Let's Talk About the Hidden Costs of Investing

What may seem immaterial in the short run can cost you big bucks over the long haul.

Because it can be so consequential to your long term financial health, I want to dedicate another blog to demonstrating the impact of paying too much for mutual fund annual operating expenses. What may seem immaterial in the short run can cost you big bucks over the long haul.
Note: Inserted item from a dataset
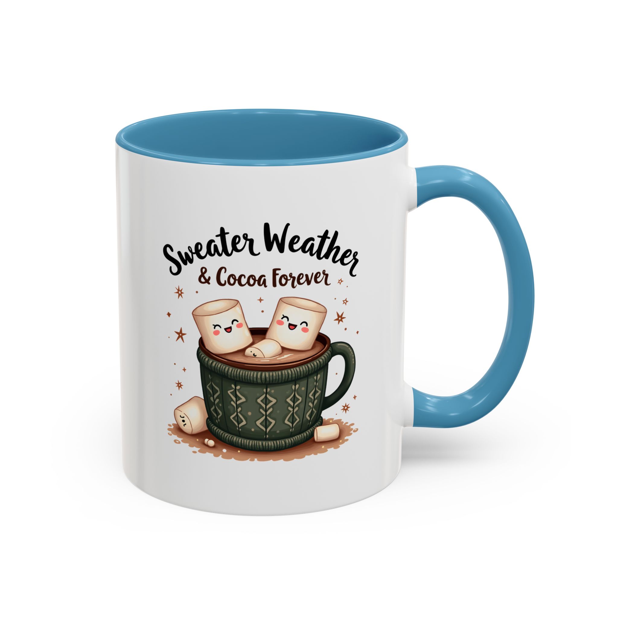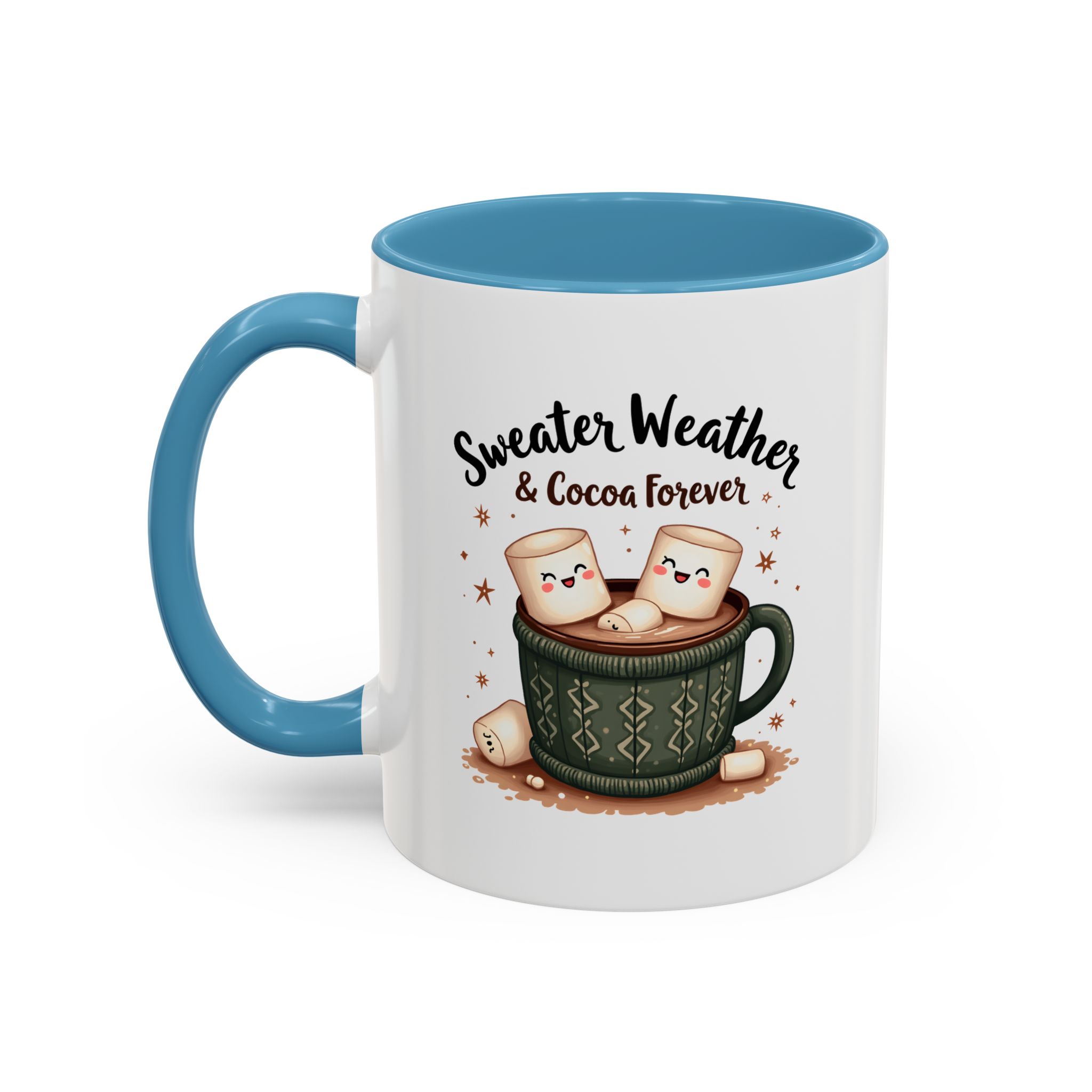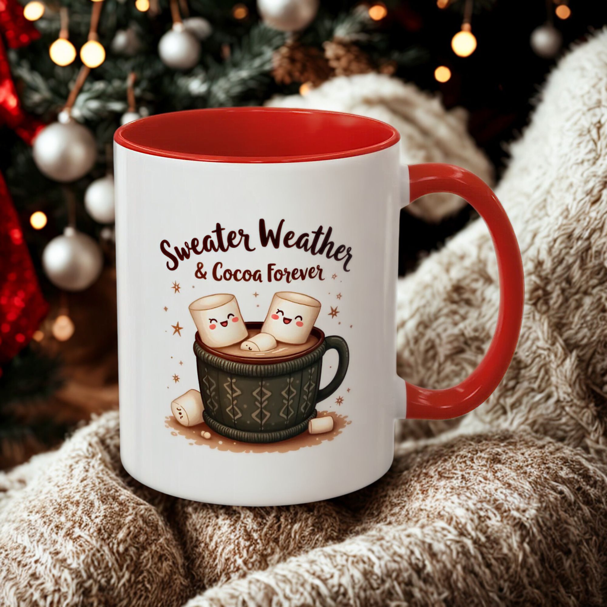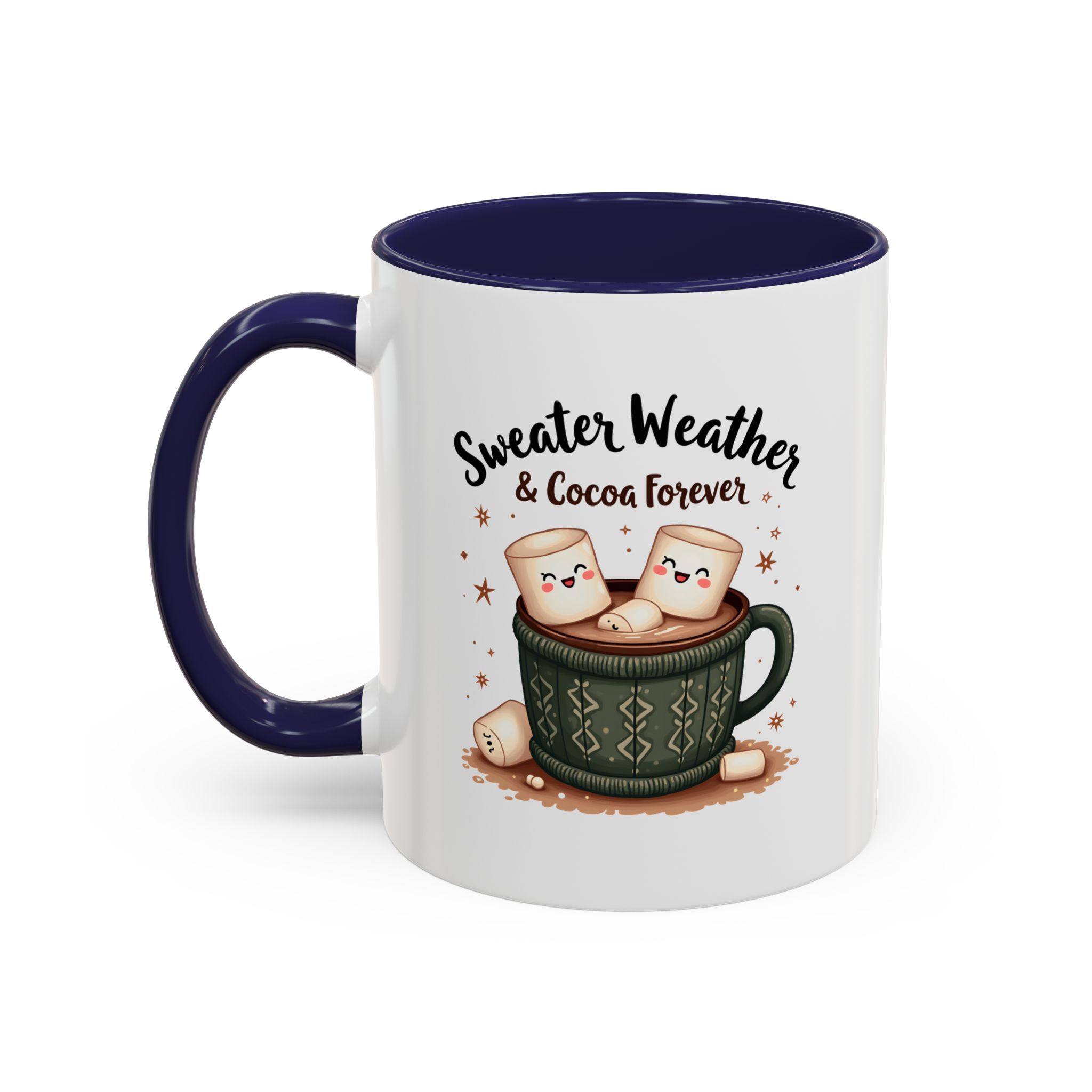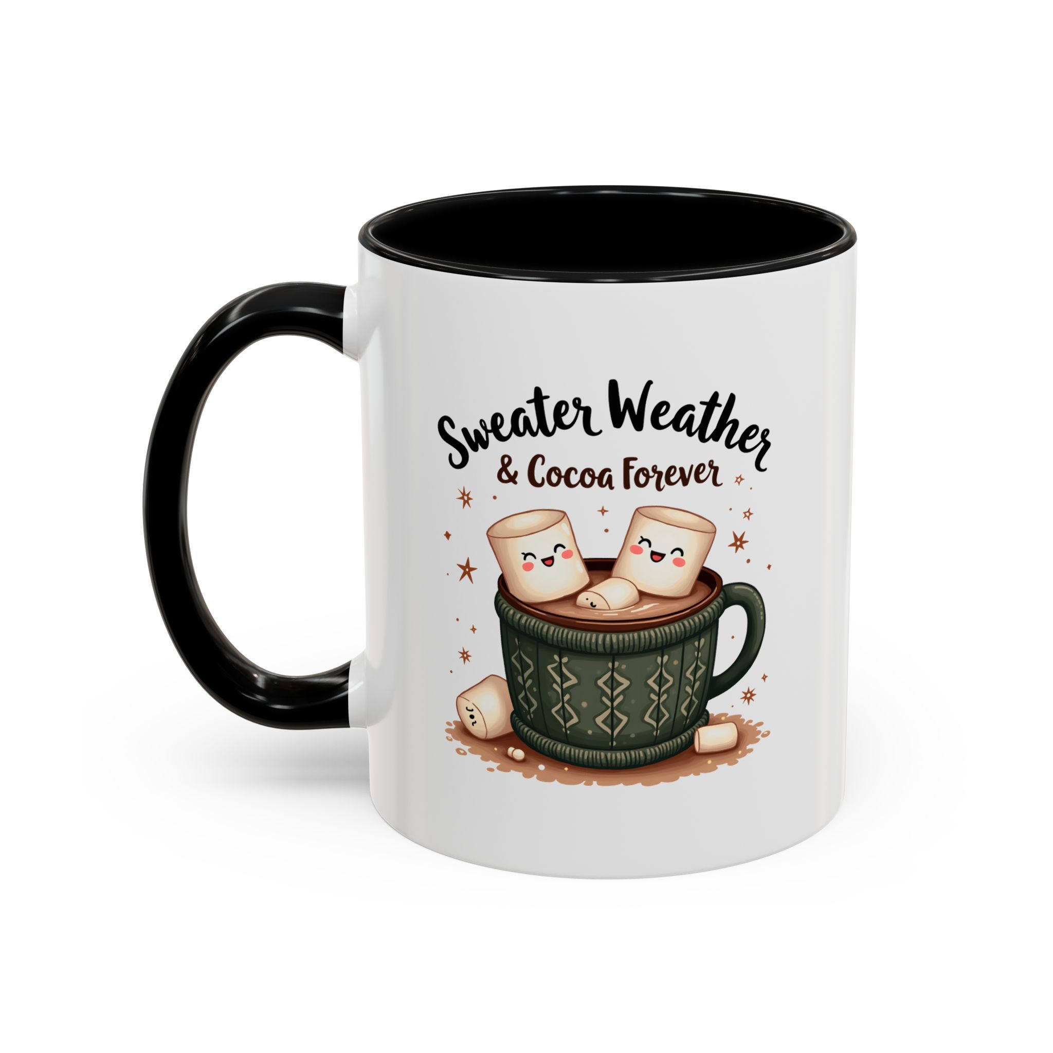 • ☕ “Sweater Weather & Cocoa Forever” with festive sweater-patterned mug and marshmallows illustration

If you are have trouble playing the video below, you can access it through this link:

Fees...and Wazoos

Jack Bogle, the now deceased Vanguard icon, was known for his famous utterances, among them, that Vanguard’s fund owners and others benefit from “getting what they don’t pay for”. To point out the significance of this statement (using Bankrate’s Mutual Fund Fees Calculator), let’s measure the cost of Vanguard’s average expense ratio, currently 0.11%, against the industry’s 0.62% average, and determine its impact on a 30-year, $100,000 front-end investment yielding 6%.

To summarize how Wazoos can fleece you over time, after investing $100,000 for 30 years at 6% and while paying .11% vs .62% in average annual operating expenses, the hypothetical Vanguard investor would end up with over $79,000 more of value in his/her account by saving $37,000 in fees. This savings would allow the Vanguard investor to earn an additional $42,000 by avoiding the opportunity cost associated with those fees. Over the long haul, fractions of a percent do make a difference. Better to have the difference show up in an investor’s account than in a Wazoo’s wallet. Reminds me of the old saying, “Watch the pennies and the dollars will take care of themselves.”

No wonder the late Mr. Bogle is given credit for savings billions of dollars for millions of large and small investors who are now taking advantage of the lower fees he forced on the financial industry.

Don't be a Lazy Investor

By the way, another “opportunity cost” we often impose on ourselves is keeping too much cash in non- or low-interest-bearing bank accounts or with those certain brokerage firms paying next to nothing. It’s estimated that $9 trillionlounge in such accounts paying about 0.09% or less (Source: Crane Data). A quick check of my Vanguard Group taxable Federal Money Market Fund revealed a YTD yield of 2.11% as of 12-11-2019. This spread between what banks and money funds pay is in a constant state of flux so keep an eye on it.

Free Trading is not Free

The latest “fad” among many of the brokerage firms (Schwab, TD Ameritrade and E-Trade come to mind), is called free trading. It ain’t free, folks. Many of those firms who advertise free trades make up the difference by sweeping customer cash into lower yielding deposit accounts, investing it at a higher rate for their own account and keeping the spread. In fairness, a couple of the big boys don’t participate in this sleight of hand…Fidelity and Vanguard. Their retailer accounts’ idle cash is swept into higher yielding money market accounts, benefiting their investors.

A Word of Caution

Of note, money market mutual funds (short-term securities whose value fluctuates very little) aren’t backed by the government, while bank savings accounts are federally insured against loss, generally up to $250,000.